- Texte visé : Proposition de loi, modifiée par le Sénat, visant à faire exécuter les peines d’emprisonnement ferme, n° 1655
- Stade de lecture : Deuxième lecture
- Examiné par : Assemblée nationale (séance publique)
Supprimer l'alinéa 3.
Cet amendement du groupe Écologiste et social vise à supprimer l'alinéa 3 l’article 1er de la proposition de loi qui prévoit d’autoriser le prononcé de peines inférieures à un mois.
Le rapport de la mission d’urgence relative à l’exécution des peines de 2025, commandé à l’Inspection générale de la justice et rédigé par plusieurs professionnels issus de différents horizons, est particulièrement éclairant. Il souligne que ces peines, « souvent qualifiées d’inefficientes », s’exécutent dans des établissements « saturés », caractérisés par une simple « gestion des flux sans prise en charge véritable », dans un contexte de surpopulation. Dans ces conditions, la mission recommande expressément de « ne pas […] revenir sur l’interdiction des peines de moins d’un mois ».
Le rapport met également en garde contre les effets contreproductifs d’une telle évolution, qui risquerait « d’aggraver la surpopulation pénale » et de « renforcer […] la défiance à l’égard des institutions », alors que le bénéfice en matière de prévention de la récidive n'est aucunement étayé.
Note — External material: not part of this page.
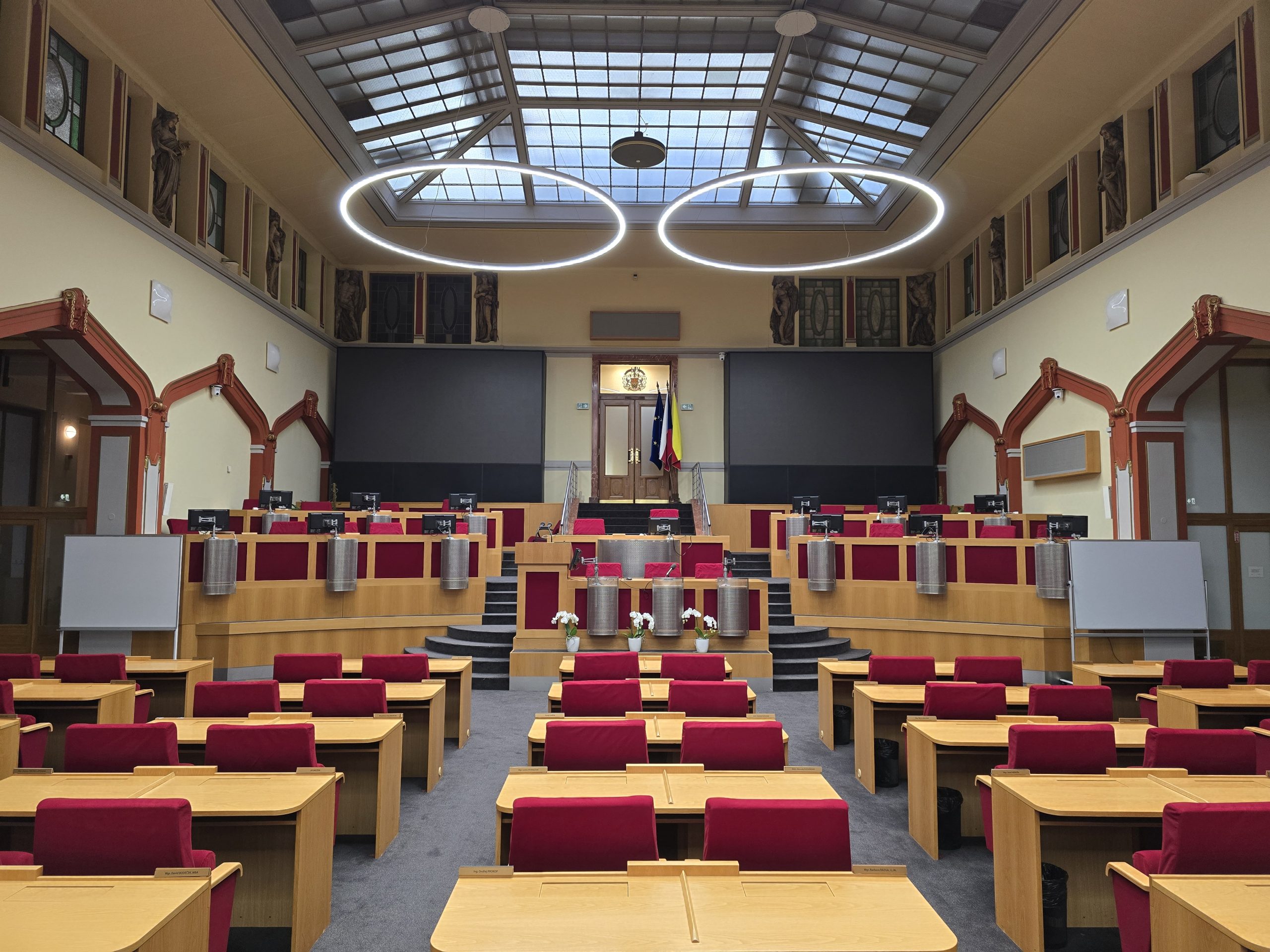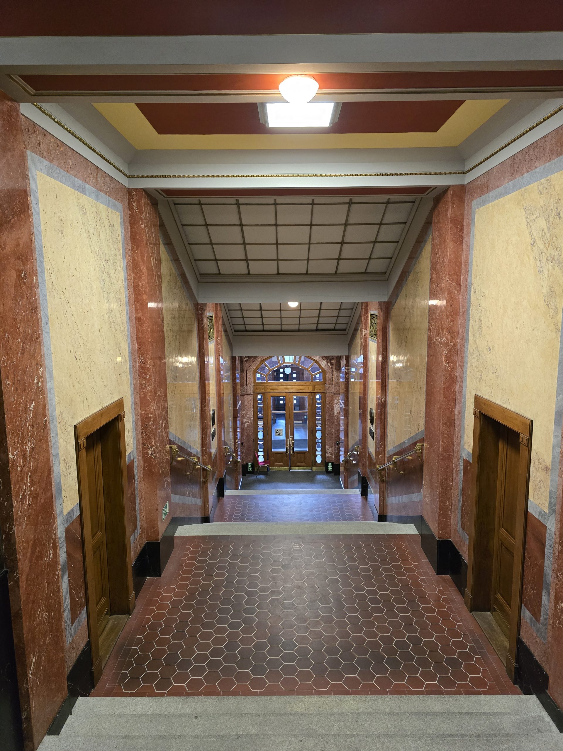 Weiter geht es mit einer Führung in einem der Prager Rathäuser. Nackte Mädchen gehen immer, und in dem herrlichen Rathaus schauen wir uns neben dem Sitzungssaal als Hauptattraktion den Paternoster an und drehen darin auch eine Runde.

Il relève en outre que le choc carcéral,, état psychologique recherché par les auteurs de cette proposition de loi, est davantage associé à une aggravation du risque suicidaire qu’à un effet dissuasif. Le rapport conclu que l’administration pénitentiaire n’est aujourd’hui pas en capacité de mettre en œuvre des peines très courtes dans des conditions adaptées, non désocialisantes et réellement utiles.
Il est nécessaire d'écouter les professionnels.